There are two ways to import models for checking into CheckPoint. You can create a new project and upload the models to it, or you can connect to your Autodesk or Procore account and select a project from there to import into CheckPoint (Figure 2). The projects that are imported are indicated by the ACC, BIM360, or Procore logos, indicated that they are directly connected to those CDEs. And as with those project hubs, CheckPoint is also a collaborative platform, allowing multiple team members to work on the model checking.
Clicking on any project takes you directly to the 3D viewer of CheckPoint, shown in Figure 3. In the panel on the left are the main tools for importing the models, federating them into model sets, viewing element data, applying filters to select required subsets of elements, creating and applying validating rules, and generating issues to report the results of the model checking.
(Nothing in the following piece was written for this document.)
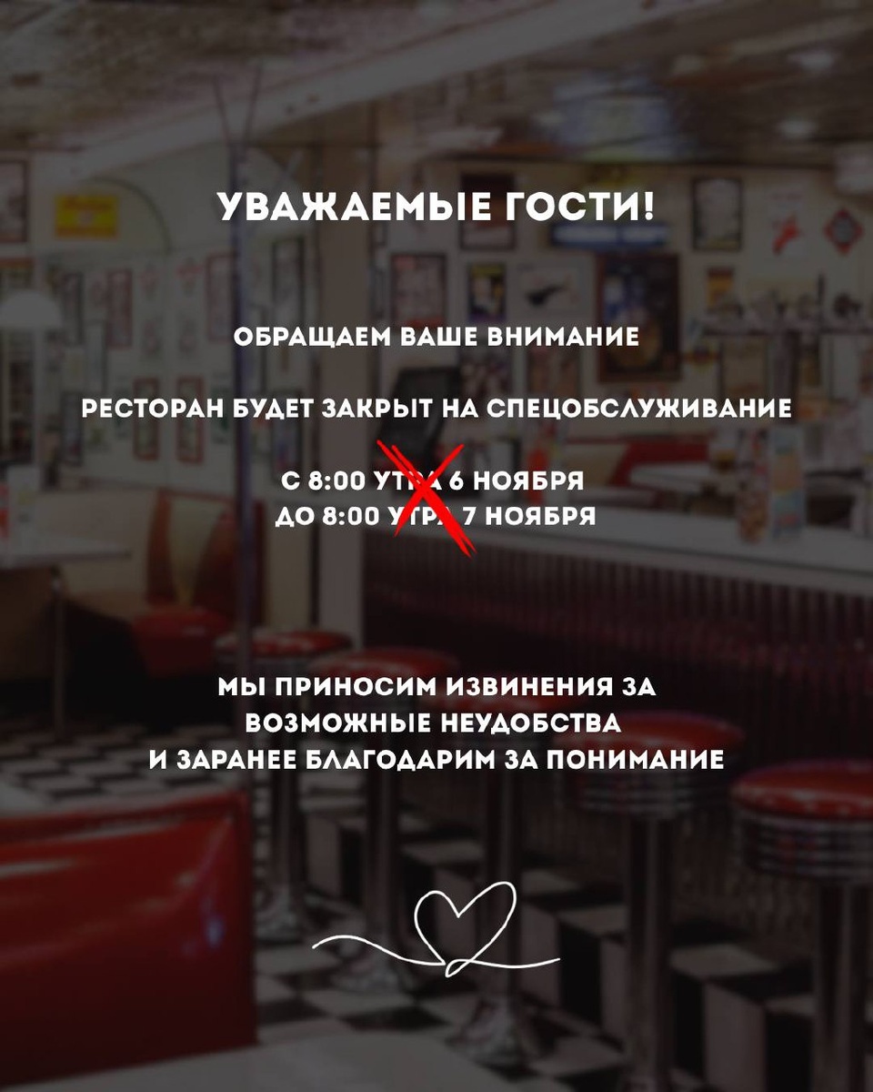 Уважаемые гости! Обращаем ваше внимание, что произошли небольшие изменения в графике работы ресторана STATLITE DINER. Ранее сообщенная дата закрытия на спецобслуживание с 6 на 7 ноября перенесена. Теперь ресторан будет закрыт с 8:00 утра 12 ноября до 8:00 утра 13 ноября на спецобслуживание. Просим прощения за возможные неудобства и благодарим за ваше понимание!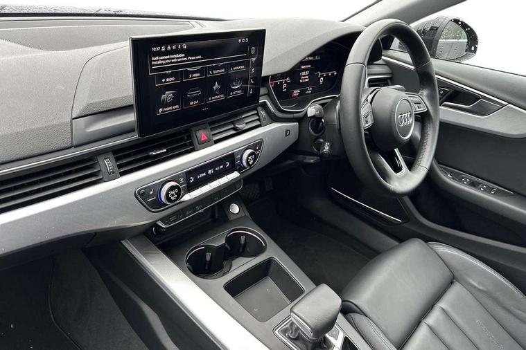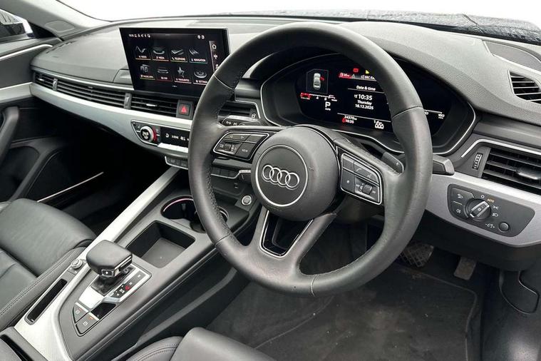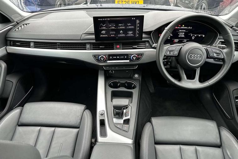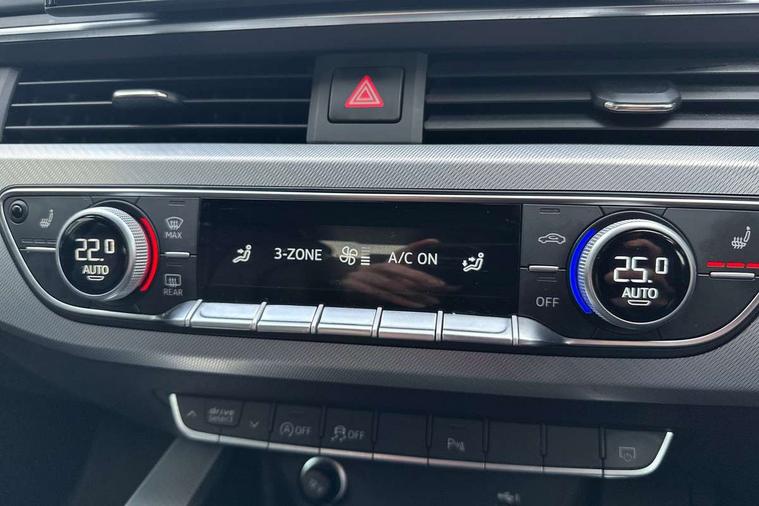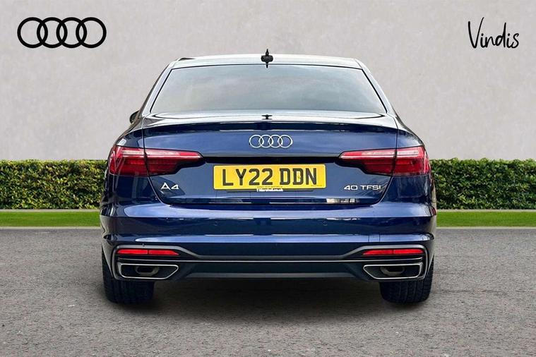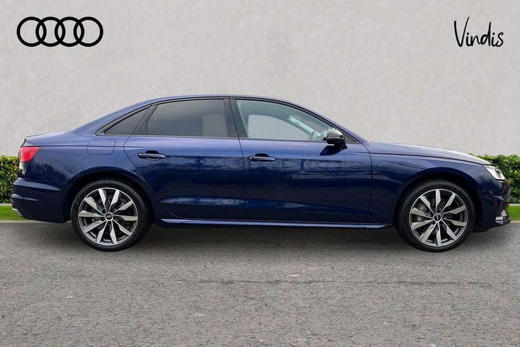 Audi connect safety and service (e-call), Audi connect with Amazon Alexa Integration, Audi drive select, Audi smartphone interface, Audi virtual cockpit, Automatic start-stop system with coasting functionality and efficiency programme, Bluetooth interface, Cruise control system with speed limiter, Electric boot lid release, Electromechanical power steering, Email, calendar and text messages displayed via MMI, MMI Navigation plus with MMI touch includes 10.1" high resolution colour MMI display, 3D map, Voice control system, 54 litre fuel tank, Comfort dynamic suspension, 2 USB charging ports, DAB digital radio reception, Auto dimming rear view mirror, Body colour door handles, Body colour side sill trim, Body coloured door mirrors, Electrically folding auto dimming/adjustable/heated door mirrors with LED side indicators and kerb view function for passenger side, LED headlights and rear lights with LED daytime running lights, LED third brake light, Matt aluminium silver tailpipe trim, Privacy glass, Rain and light sensors, Rear boot, Rear diffuser in matt titanium black with trim strip in matt aluminium silver, Rear side wing doors, Sport front and rear bumpers with side skirts, Variable intermittent front wash/wipe, Windscreen with acoustic glazing, 3 spoke high multi-function leather sport steering wheel with paddle shift and height and reach adjustable, 4 way electric lumbar support for driver and front passenger, 40/20/40 split folding 3 rear seat bench in 3 parts with rear centre armrest, Deluxe 3 zone electronic climate control, Door sill trims with aluminium inlay, Front and rear head restraints, Front centre armrest, Heated front seats, ISOFIX child seat mounting and top tether, Manual seat adjustment, Single front passenger seat, Twin leather upholstery + front sports seats, Black styling pack - A4 Saloon Sport Edition/S4 Black edition/S4 Vorsprung, Comfort and sound pack - A4, High gloss package - A4, LED Interior light pack - A4/S4, 3 rear seatbelts, 6 airbags - Driver, front passenger, curtain and side windows, Electronic Stabilisation Control (ESC) including ABS, ASR and EDL, Hill hold assist, Multi collision brake assist, Pop-up bonnet for pedestrian protection, Pre sense city, Rear door child safety locks, Seatbelt monitoring, Warning triangle and first aid kit, Anti theft alarm, Anti theft wheel bolts, Central locking, Keyless Go, Aluminium ellipse silver inlays, 18" 10 spoke dynamic design alloy wheels, Tool kit, Tyre repair kit,

The models can be imported in Revit or IFC format and once they are in CheckPoint, you can combine them in different ways to create different model sets for checking. So, for example, in the project shown in Figure 3, six different models were imported of which three were combined in the IFC-Revit Model Set that is shown: the architectural model in RVT format and the structural and MEP models in IFC format. The panel on the right shows more information about a selected file, while the combined model is displayed in the 3D viewer. The viewer includes all the standard navigation capabilities including isolating elements, sectioning the model, measuring distances, and grid display.
It should be noted that if the project had been imported from ACC or Procore, the connection with that CDE is maintained and any new versions of the models published in those hubs are automatically brought into CheckPoint, from where they can be pulled into model sets for checking. Also, if the different disciplinary models are not already aligned prior to import, their positions can be manually adjusted with the settings shown in the right-side panel in Figure 3.
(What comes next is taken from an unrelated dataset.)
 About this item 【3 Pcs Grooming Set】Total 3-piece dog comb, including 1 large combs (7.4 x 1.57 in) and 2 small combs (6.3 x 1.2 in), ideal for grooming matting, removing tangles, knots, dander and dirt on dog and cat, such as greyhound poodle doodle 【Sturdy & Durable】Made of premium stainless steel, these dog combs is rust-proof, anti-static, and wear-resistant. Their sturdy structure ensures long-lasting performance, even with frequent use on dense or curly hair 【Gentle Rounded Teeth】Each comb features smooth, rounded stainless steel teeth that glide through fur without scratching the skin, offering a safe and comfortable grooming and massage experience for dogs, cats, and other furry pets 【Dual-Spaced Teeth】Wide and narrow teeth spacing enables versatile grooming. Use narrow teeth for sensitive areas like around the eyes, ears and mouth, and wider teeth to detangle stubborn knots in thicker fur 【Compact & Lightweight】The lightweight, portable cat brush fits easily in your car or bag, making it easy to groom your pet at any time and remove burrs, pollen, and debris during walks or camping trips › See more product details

To explore the individual elements of the combined model in more detail, you can right-click on an element to view its properties. The information displayed here will depend upon whether the element is from a Revit file or an IFC file. CheckPoint supports all Revit properties, including type parameters and shared parameters. Another way to view the model is by selecting the Data Viewer tool, which allows you to show a group of selected properties for the elements in the 3D viewer, such as the level, element type, classification, area, volume, etc. Both these interface elements are shown in Figure 4. The Data Viewer tool allows the selected elements to be exported to CSV or Excel, enabling CheckPoint to also be used for QTO (quantity takeoff).
In order to be able to apply any kind of checks to the model, you first need to be able to select different categories of model elements, and this is done by using filters. An example is shown in Figure 5, where a filter is applied to select all the pipes in the model that are in the IFC format. The selection can be narrowed down further by progressively applying additional filters using And/Or logic, as shown. Multiple filters can be created in this manner and saved for easy access for use in model checking. Opening up the Data Viewer interface when a filter is applied shows the list of the displayed elements in tabular format along with their total count, which is 5,592 in the example in Figure 5.
For checking the model, you need to create rules, and as of now, Solibri CheckPoint has three main kinds of rules that can be applied to the model: Clash Check, which identifies conflicts between building elements, such as mechanical and structural components; Property Check, which checks model elements to ensure they have the required properties for meeting accuracy, consistency, and compliance standards; and Free Space Check, which can check for adequate clearance around critical elements to ensure functionality and safety, such as door swings, accessibility for mechanical and electrical equipment, and so on.
For performing a Clash Check as shown in Figure 6, you would select a set of elements as the Base target and another set of elements as the Colliding target. Both of these groups of elements can come from filters that you have previously defined, or you can create a filter set on the fly using the options that were shown in Figure 5. You can also specify the tolerance value that should be used for the collision detection. You can now run this Rule and any clashes that are detected will be shown in the 3D window, with more detailed information about each clash available in the Data Viewer that opens up automatically.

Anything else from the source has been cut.